Ole Martin Halvorsen

Personal information
- Born: 11 February 2000 (age 26) Bergen, Norway
- Home town: Kløfta, Norway

Sport
- Sport: Shooting
- Events: 50 m rifle prone; 50 m rifle three positions; 10 m air rifle;
- Club: Kisen

Medal record
World Championships
| Gold medal – first place | 2023 Baku | 50 m rifle prone team |
| Silver medal – second place | 2025 Cairo | 50 m rifle 3 positions team |
| Bronze medal – third place | 2023 Baku | 50 m rifle 3 positions team |
| Bronze medal – third place | 2025 Cairo | 50 m rifle prone team |
European Championships
| Gold medal – first place | 2025 Osijek | 10 m air rifle team |
| Gold medal – first place | 2025 Châteauroux | 50 m Rifle 3 Positions Team |
| Gold medal – first place | 2025 Châteauroux | 50 m Rifle Prone Team |
| Gold medal – first place | 2026 Yerevan | 10 m air rifle team |
| Bronze medal – third place | 2026 Yerevan | 10 m air rifle |
| Bronze medal – third place | 2026 Osijek | 50 m rifle prone |

= Ole Martin Halvorsen =

Norwegian sport shooter (born 2000)

Ole Martin Halvorsen (born 11 February 2000) is a Norwegian sport shooter. His achievements include winning team gold and bronze medals at the ISSF World Shooting Championships, and one individual victory in an ISSF World Cup event.

==Biography==
Halvorsen was born on 11 February 2000. Hailing from Blomøy, he represents the club Kisen Miniatyrskytterlag.

===2023===
In June 2023 Halvorsen competed at the 2023 European Games, along with Simon Claussen and Jon-Hermann Hegg. The Norwegian team qualified for the finals in
50 metre rifle, where they placed fourth, defeated by Serbia in the bronze medal match.
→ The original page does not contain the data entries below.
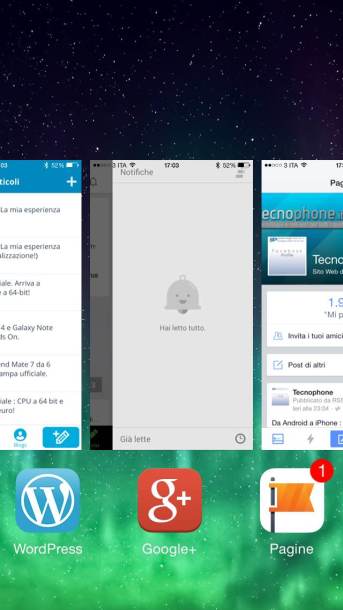 Alla pressione del tasto home le applicazioni rimangono aperte e continuano a funzionare anche se non le stiamo utilizzando. Tutte le applicazioni aperte vengono mantenute nella RAM e potete immaginare a fine giornata a che punto sia la memoria RAM libera.
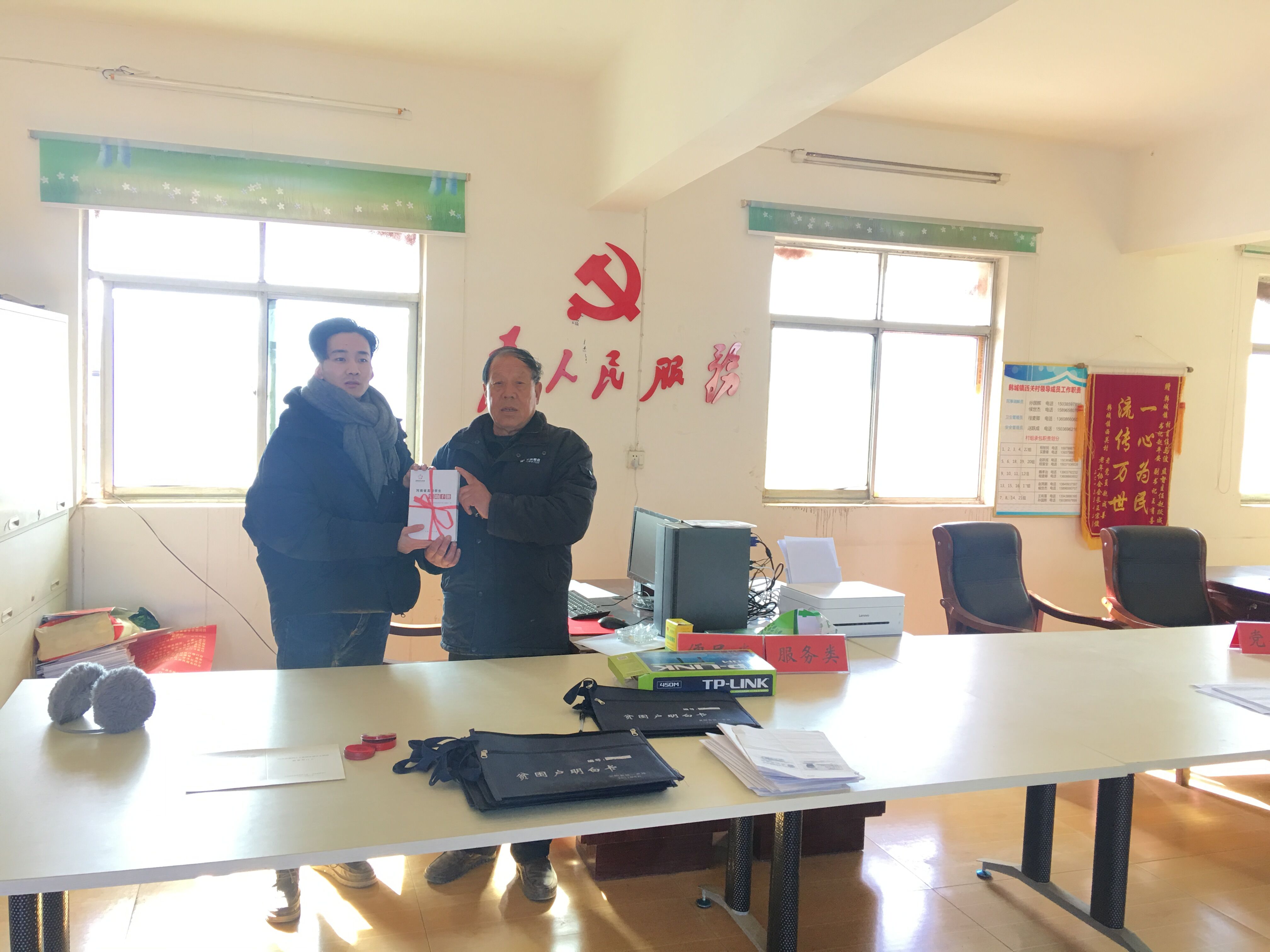 首先,各位受助学生志愿者向家乡单位详细介绍了国家针对高校的相关资助政策,并结合自身受助情况,讲述了自己在国家资助政策的帮助下是如何得以安心学习、健康成长的故事。然后,受助学生志愿者将《河南省高校学生资助手册》捐赠给其所在的居委会、村委会以及高中母校,以此激励在场的学弟学妹们要把握好时间,努力学习,希望他们能够刻苦学习,实现理想,立志为社会、为国家贡献自己的力量,同时也要牢记党和国家对于贫困学子的关怀和支持。最后,受助学生志愿者和受捐赠单位负责人合影留念。
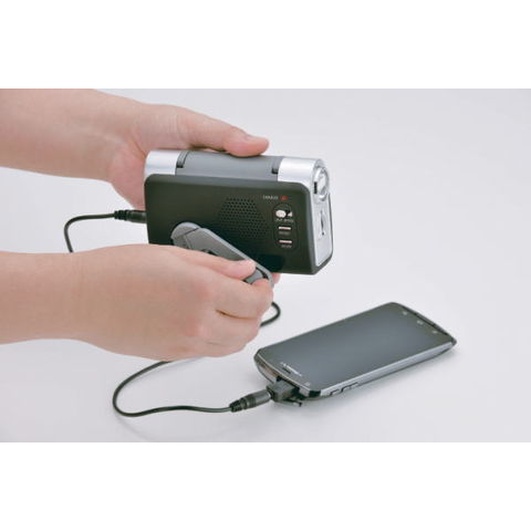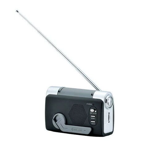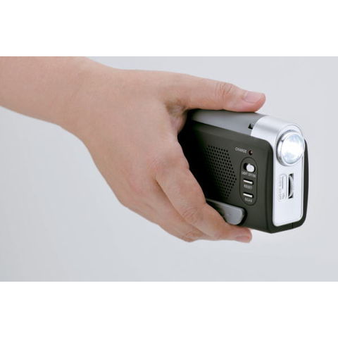 乾電池不要のダイナモ充電式。 いざというときに役立つ多機能防災ラジオ。 携帯式で、FMラジオが聞けます。 ・サイレン機能付 ・LEDライト付 ・スマートフォンの充電コネクタ付 |
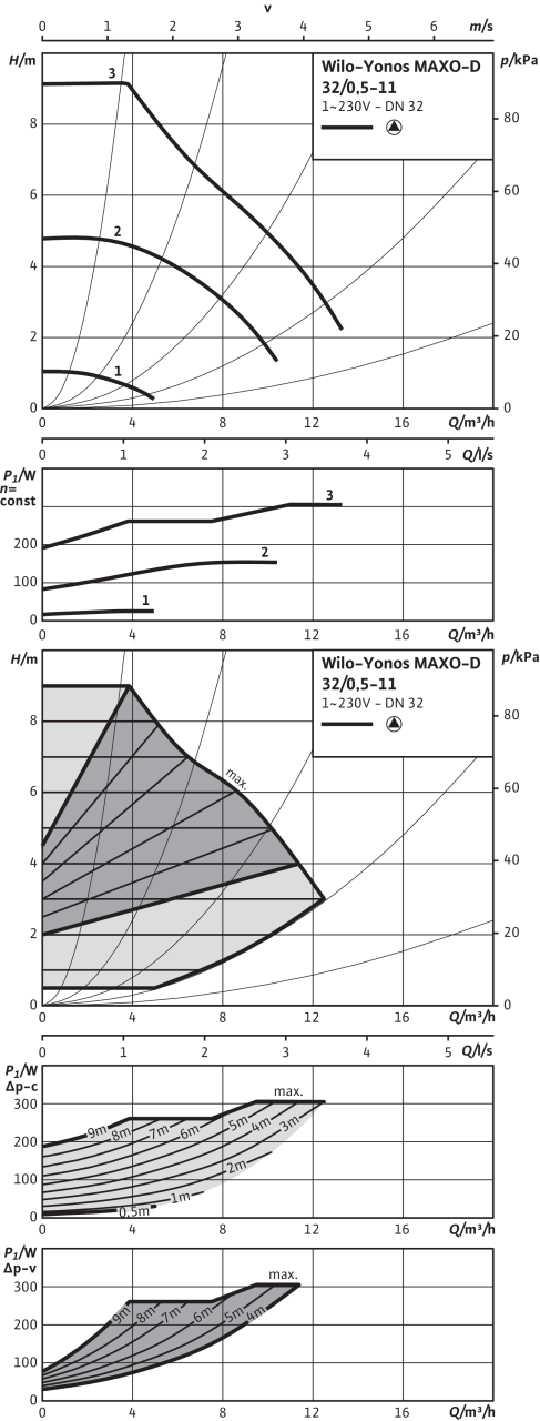 Grafic de performanta Pompa de circulatie Wilo Yonos Maxo D 32/0,5-11-PN10
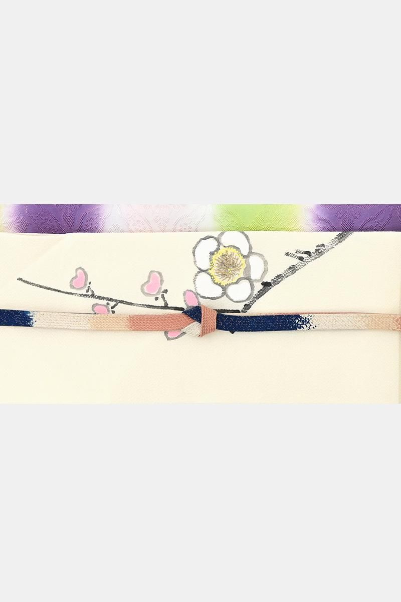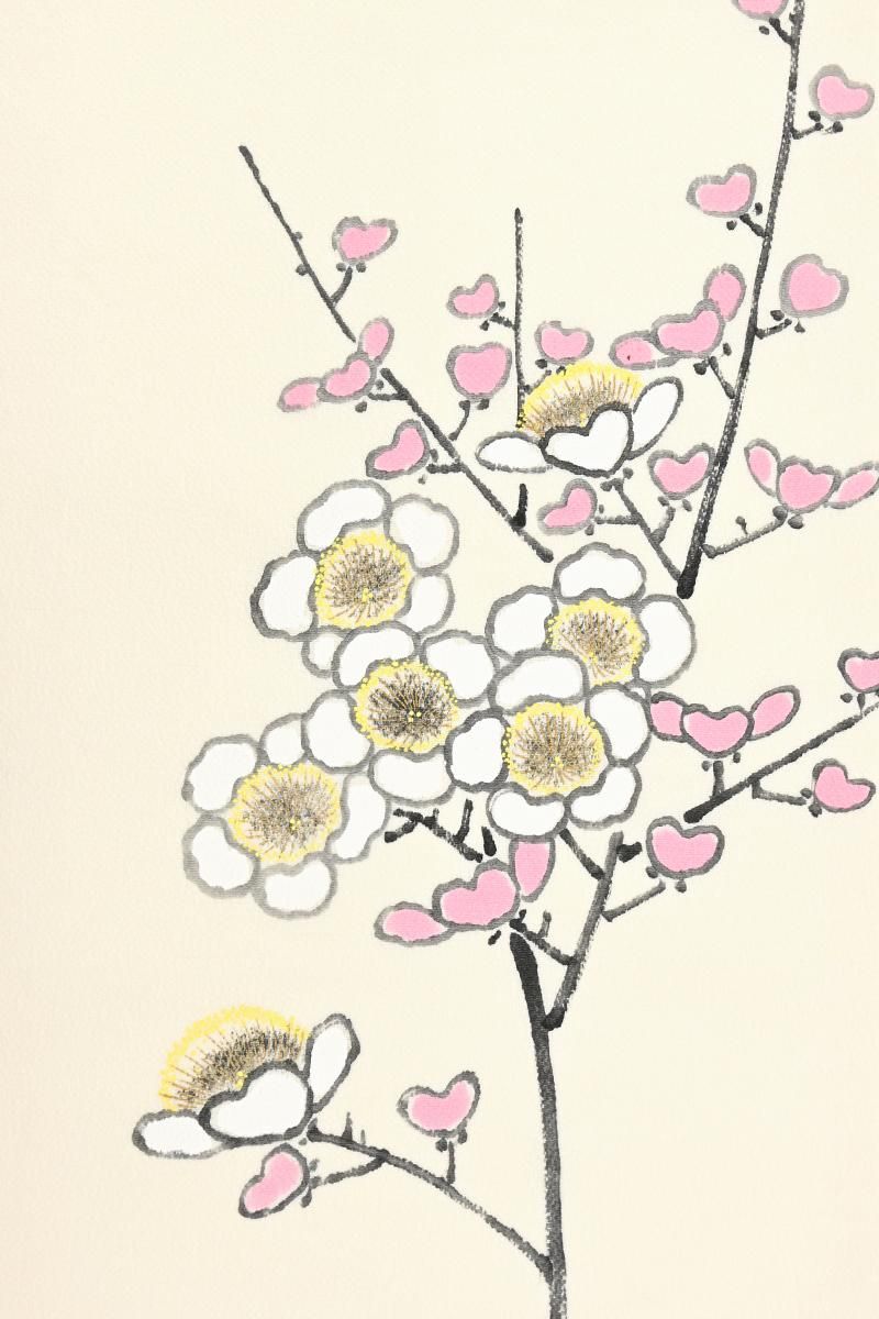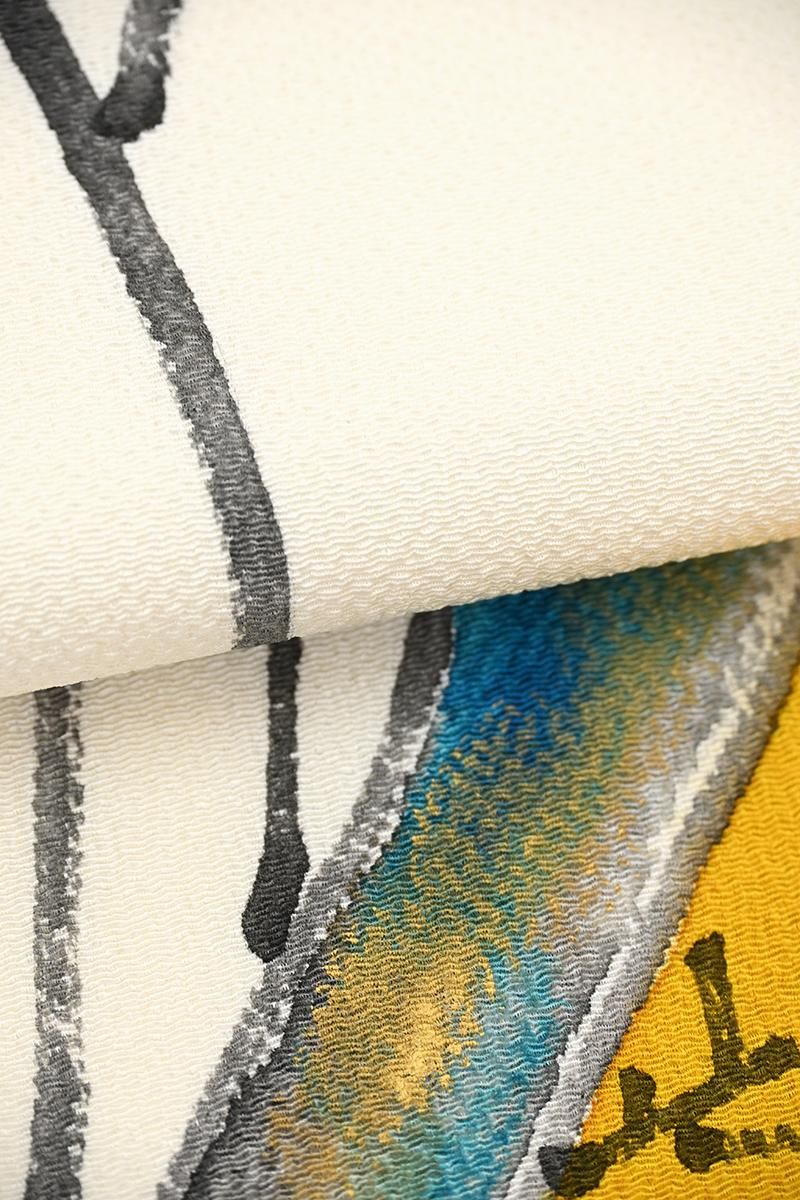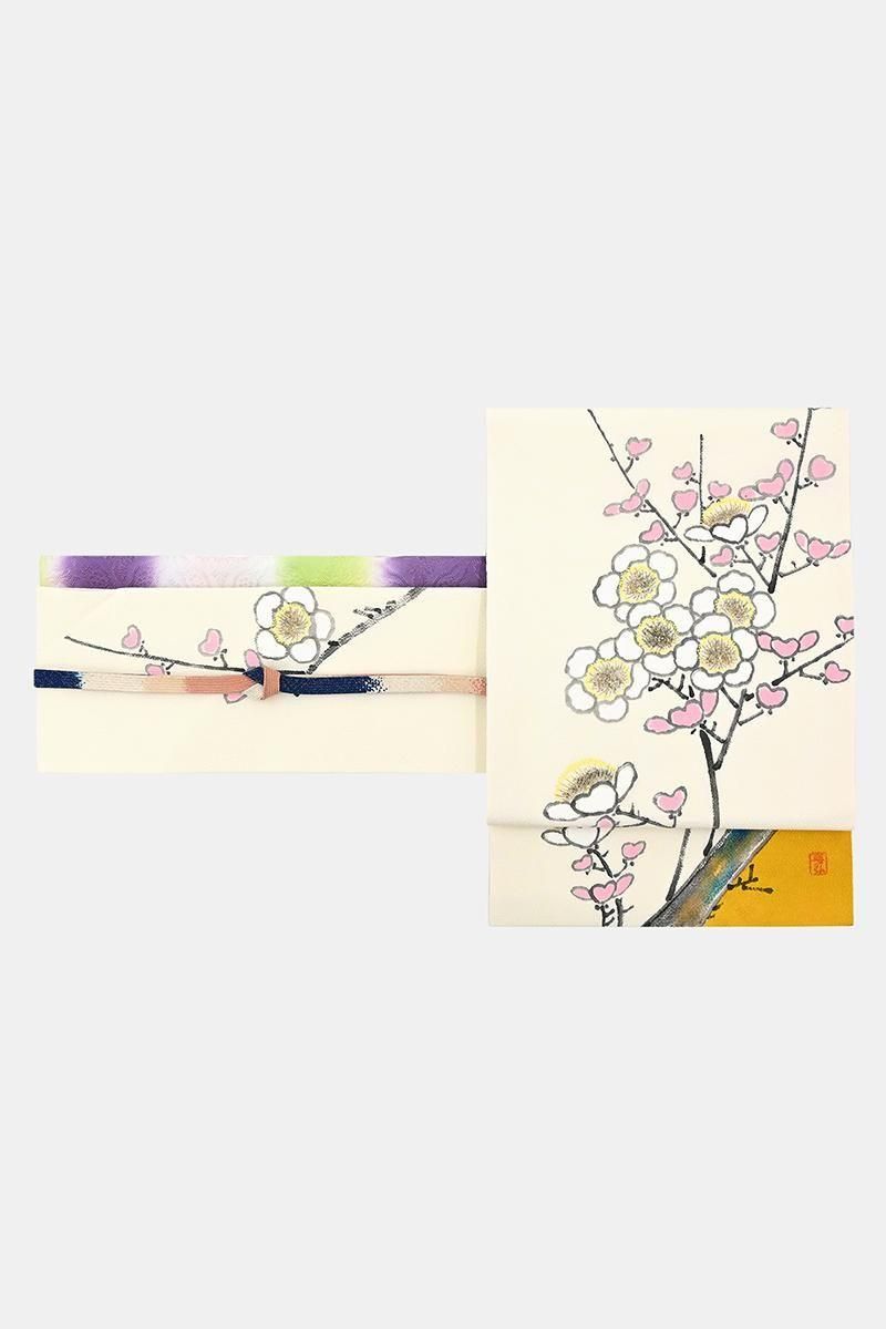 練色が近いでしょうか。灰みや黄みを帯びた温かみのあるオフホワイトの縮緬地を背景に、ひと枝の梅の花が描かれた染名古屋帯です。源平咲きの梅でしょうか、二色の芳しい花たちの晴れやかな姿が表現されたお品。墨色や薄墨色をのせた力強く勢いのある筆によるシンプルな枝や蕾のかたちが、それとは対照的に胡粉色、そして淡黄色や金彩で彩られた数輪の白梅の煙るような繊細な美しさをくっきりと引き立てていますね。脇を固める可愛らしい一重梅色が、明るい春の気配を呼び込んでくれる一点。装飾を抑えた景色には洗練された清々しさが感じられ、穏やかな白を主調とする清澄な世界が気品ある装いを創り出してくれることと思います。こちらは重要無形文化財「友禅」の保持者、森口華弘さんの作品。高度に完成された蒔糊などに見られる緻密さとはまた趣きの異なる大らかな表現は、より身近に親しむことのできるこの方のもう一つの美のかたちを教えてくれますね。紬や小紋に合わせて、季節ならではの贅沢な装いをお楽しみ下さいませ。三越さんの扱いです。
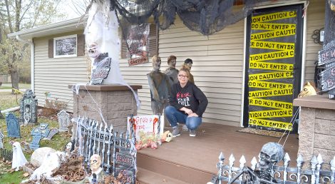 - KRISTI ALLEN, 908 Superior Ave. in Kingsford, shows off her Halloween decor. Allen plans to give treats out on Saturday by individually packaging separate bags for the kids. (Terri Castelaz/Daily News photo)
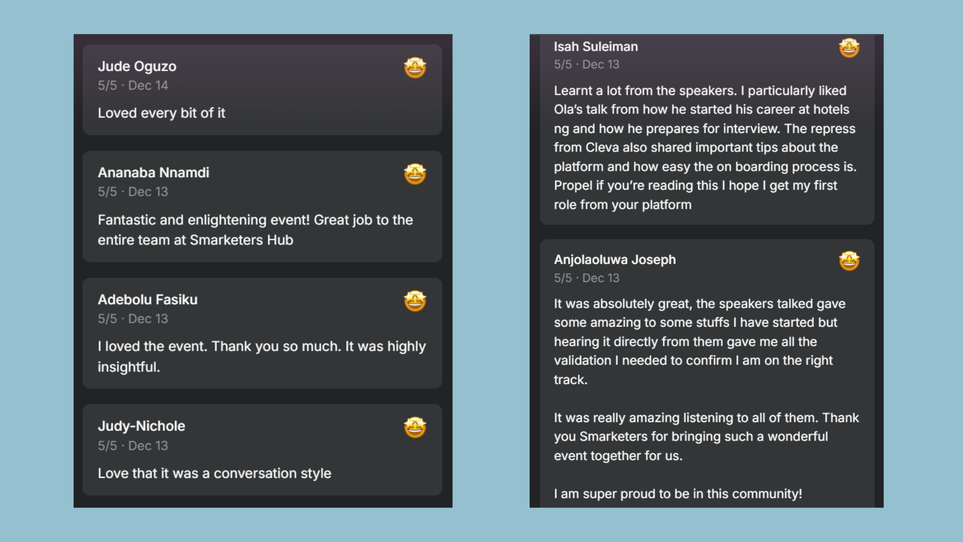 As part of our dedication to empowering African marketers within and beyond our community, the Smarketers Hub team hosted its annual end-of-year event on Friday, December 13, 2024, at 4 PM (WAT). The theme, Marketers on Marketers, focused on building strong and sustainable marketing careers for 2025.
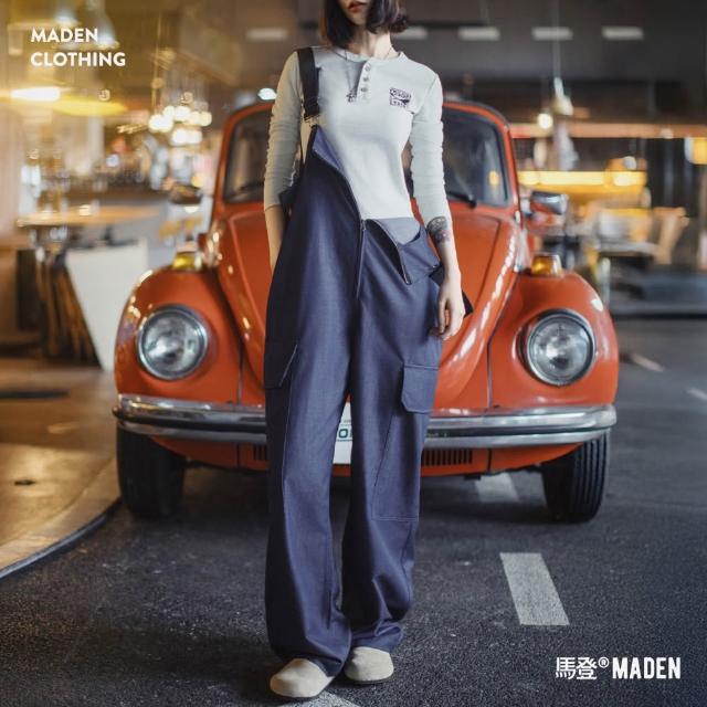 MAT RETRO高腰牛仔直筒闊腿寬鬆弛工裝背帶褲無袖吊帶長款連衣褲女士秋
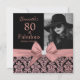 Rose gold glitter black damask | 80th Birthday Invitations. Eighty and Fabulous! A beautiful modern elegant pink rose gold glitter floral damask 80th Birthday Party Invitations you can personalise and send out your eightieth birthday party celebration. At the centre pretty pink bow. Replace the sample photo with your own. The words "80 and Fabulous" are set using popular typhography. You can personalise script fonts and font colours in the design. Please note, this design is a printed photo effect with no real glitter. # 3302b Great for all occasion just change age. Birthday party invites template you can customise with your own details and age. Pretty feminime template for 15th, Sweet 16, Quinceanera, 18th, 20th, 21st, 30th, 40th, 50th, 60th, 70th, 80th, 90th, 100th, Fabulous girls and womens. Please note, this design is a printed photo effect. If you need help, please contact me.
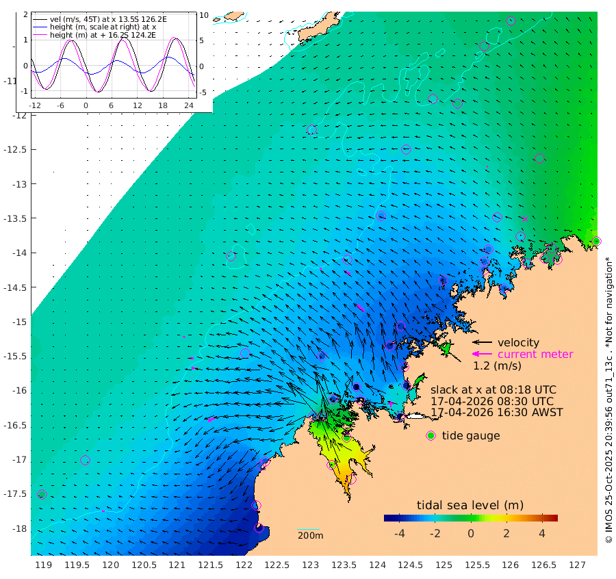 12cm/s -89T +10cm/s rms + 1cm/s 1T. NWSBRW 205m 14cm/s -85T +11cm/s rms + 6cm/s -110T. NWSROW 199m 57cm/s -49T +5cm/s rms + 2cm/s 65T. CAM050 58m 41cm/s -61T +12cm/s rms + 5cm/s 92T. CAM100 99m 11cm/s -101T +7cm/s rms + 1cm/s -85T. KIM400 396m 21cm/s -91T +9cm/s rms + 5cm/s -119T. KIM200 208m 36cm/s -87T +11cm/s rms + 5cm/s -147T. KIM100 99m 57cm/s -116T +8cm/s rms + 3cm/s -103T. KIM050 59m 7cm/s -62T +4cm/s rms + 2cm/s 23T. TIMORS88 91m -111cm Imperieuse Reef -183cm Mermaid Reef -407cm Broome -309cm Cape Baskerville -321cm Red Bluff -294cm Cape Boileau -171cm Scott Reef (WA) -187cm Ashmore Reef -271cm Karrakatta Bay -217cm Sunday Island 57cm Valentine Island 196cm Derby 11cm Port Usborne -338cm Bedford Islands -388cm Yampi Sound (Koolan Island) -444cm Macleay Island -322cm Adele Island -218cm Browse Island -420cm Shale Island -390cm Lizard Island -313cm Hall Point -370cm Degerando Island -356cm White Island -208cm Skua No. 4 Well -128cm Jabiru -337cm Maret Island -301cm Baudin Island -301cm Cape Voltaire (Krait Bay) -132cm Dillon Shoal -137cm Laminaria -307cm Port Warrender -200cm Troughton Island -294cm Cassini Island -211cm West Holothuria Reef Offshore -180cm Jar Island -231cm Lynher Bank -278cm Heywood Shoal -171cm Pee Shoal -106cm Van Cloon Shoal -116cm Carronade Island -123cm Guy Point -114cm Napier Broome Bay 18cm Lesueur Island

Competing at the 2023 ISSF World Shooting Championships in Baku, Halvorsen won the team gold medal in 50 m rifle prone, along with Jon-Hermann Hegg and Henrik Larsen. He also won a bronze medal in 50 m rifle 3 positions team, along with Hegg and Larsen.

===2024===
At the European Championships in May 2024 Halvorsen won a team gold medal in 50m rifle match with the Norwegian team, along with Larsen and Hegg. At the 2024 ISSF World Cup event in Munich in June, he placed first in 50 m rifle match, ahead of István Péni and Jon-Hermann Hegg.

He was selected to compete at the 2024 Summer Olympics in Paris, along with five other Norwegian shooters. His first competition in the Olympics was in mixed air rifle team with teammate Synnøve Berg.

===2025===
In March 2025 Halvorsen won a team gold medal in 10m air rifle at the European Shooting Championships, along with Henrik Larsen and Jon-Hermann Hegg.